Question

Help with these three questions about mass and concentrations?

`1)` If `"450 kg"` of `"SO"_2` reacts with coke (`"CS"_2`) with `82%` consumption, what mass of coke is formed?
`2)` In a `"29 g"` mixture of `"BaO"` and `"CaO"`, `"100.8 mL"` of `"6 M HCl"` neutralizes the mixture. What is the `"%w/w BaO"`?
`3)` If the true specific gravity of `"H"_2"SO"_4(l)` is `1.2`, then if we have a `27%"w/w"` solution of `"H"_2"SO"_4`, what is its molarity?

Answer 1

Q-1

As per given condition `82% of 450kg SO_2=369kg SO_2` has taken part in the reaction with coke . By the given equation we see

2 moles `SO_2` produces `1mol" "CS_2`

or `2xx64g` `SO_2` produces `76g" "CS_2`

or `2xx64kg` `SO_2` produces `76kg" "CS_2`

`369kg SO_2` will produce `76/128xx369~~219.09kg" "CS_2`

Q-2

Let there be `x` mol `BaO` and `y` mol `CaO` in 29 g mixture.

The molar masses of

`BaOto153g"/"mol`

`CaOto56g"/"mol`

So by the condition

`153x+56y=29.....[1]`

Again `100.8mlor0.1008L` `6M` HCl solution is required to neutralize the mixture.
So amount of HCl required is `0.1008xx6` mol

Now by stoichiometry of the given reaction we see that number of moles of both `BaO and CaO` are `1/2` of the number of moles of `HCl` So total number of moles of `BaO and CaO` will be `1/2xx0.1008xx6=0.3024` mol

Hence `x+y=0.3024.......[2]`

Multiplying [2] by 56 and subtracting the resulting equation from [1] we get

`(153-56)x=(29-56xx0.3024)`

`=>x=(29-56xx0.3024)/97~~0.124mol`

So mass of `BaO` in 29g mixture `153xx0.124g`

So percentage of `BaO` in the mixture

`=(153xx0.124g)/29xx100%~~65.65%`

Q-3

Given `w/w% of H_2SO_4=27`

So 100g solution contains 27g or `27/98` mol `H_2SO_4`

Or `100/1.2` mL solution contains `27/98` mol `H_2SO_4`

Hence 1000mL solution contains `(27/98)/(100/1.2)xx1000` mol `H_2SO_4`

`=270/98*1.2mol` `H_2SO_4=3.30mol"/"L`

Hence molarity of the solution is `3.30Mm`

Answer 2

`3)`

If the true specific gravity of the solution is `1.2`, we expect that it is with respect to the density of water because the solution is a liquid.

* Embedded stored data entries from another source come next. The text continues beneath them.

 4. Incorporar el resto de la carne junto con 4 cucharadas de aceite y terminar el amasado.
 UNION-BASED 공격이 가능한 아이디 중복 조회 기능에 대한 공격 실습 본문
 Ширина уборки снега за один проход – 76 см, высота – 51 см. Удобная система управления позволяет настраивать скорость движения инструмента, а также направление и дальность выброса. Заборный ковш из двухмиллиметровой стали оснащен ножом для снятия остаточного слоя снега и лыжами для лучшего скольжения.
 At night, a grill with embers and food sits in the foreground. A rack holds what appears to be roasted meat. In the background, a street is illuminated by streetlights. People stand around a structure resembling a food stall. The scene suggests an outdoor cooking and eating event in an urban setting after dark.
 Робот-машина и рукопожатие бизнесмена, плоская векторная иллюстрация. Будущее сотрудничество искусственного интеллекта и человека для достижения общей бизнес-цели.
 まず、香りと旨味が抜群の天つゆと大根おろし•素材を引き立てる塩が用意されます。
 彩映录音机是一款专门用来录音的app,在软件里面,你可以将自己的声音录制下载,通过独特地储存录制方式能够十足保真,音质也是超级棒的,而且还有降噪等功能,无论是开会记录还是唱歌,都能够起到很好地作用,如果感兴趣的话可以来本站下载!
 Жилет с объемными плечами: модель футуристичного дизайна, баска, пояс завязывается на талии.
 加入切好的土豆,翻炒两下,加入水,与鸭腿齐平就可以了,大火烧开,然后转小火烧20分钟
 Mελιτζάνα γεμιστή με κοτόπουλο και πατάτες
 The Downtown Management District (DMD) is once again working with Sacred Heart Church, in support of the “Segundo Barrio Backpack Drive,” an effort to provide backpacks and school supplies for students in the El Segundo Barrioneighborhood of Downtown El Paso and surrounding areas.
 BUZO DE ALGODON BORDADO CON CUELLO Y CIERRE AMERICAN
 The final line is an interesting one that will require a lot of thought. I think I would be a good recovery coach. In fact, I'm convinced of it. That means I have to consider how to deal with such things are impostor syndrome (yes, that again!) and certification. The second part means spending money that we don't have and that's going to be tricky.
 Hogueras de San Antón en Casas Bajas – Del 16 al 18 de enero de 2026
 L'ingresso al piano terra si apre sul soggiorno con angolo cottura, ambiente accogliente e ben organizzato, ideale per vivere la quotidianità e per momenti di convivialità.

If we assume the density of water is `"1 g/mL"`, then the specific gravity is numerically the density of the solution, i.e.

`"SG" = (rho_(H_2SO_4(aq)))/(rho_(H_2O(l))) = 1.2`

`=> rho_(H_2SO_4(aq)) = 1.2 cdot "1 g/mL" = "1.2 g/mL"`

Then, we are given:

`%"w/w" = ("270 g H"_2"SO"_4)/("1000 g soln")`

Since molarity is defined as

`"mols solute"/"L soln"`,

we need the volume of the solution. Using the specific gravity of the solution, we have:

`V_(sol n) = 1000 cancel"g soln" xx cancel"1 mL"/(1.2 cancel"g soln") xx "1 L"/(1000 cancel"mL")`

`=` `"0.833 L soln"`

We next need the mols of solute:

`270 cancel("g H"_2"SO"_4) xx "1 mol"/(98.079 cancel("g H"_2"SO"_4))`

`= "2.753 mols H"_2"SO"_4`

This means we have a molarity of:

`color(blue)(["H"_2"SO"_4]) = ("2.753 mols H"_2"SO"_4)/("0.833 L soln")`

`=` `color(blue)("3.30 M")`

Either the answer key is incorrect or there's something off with my density. The rest is correct.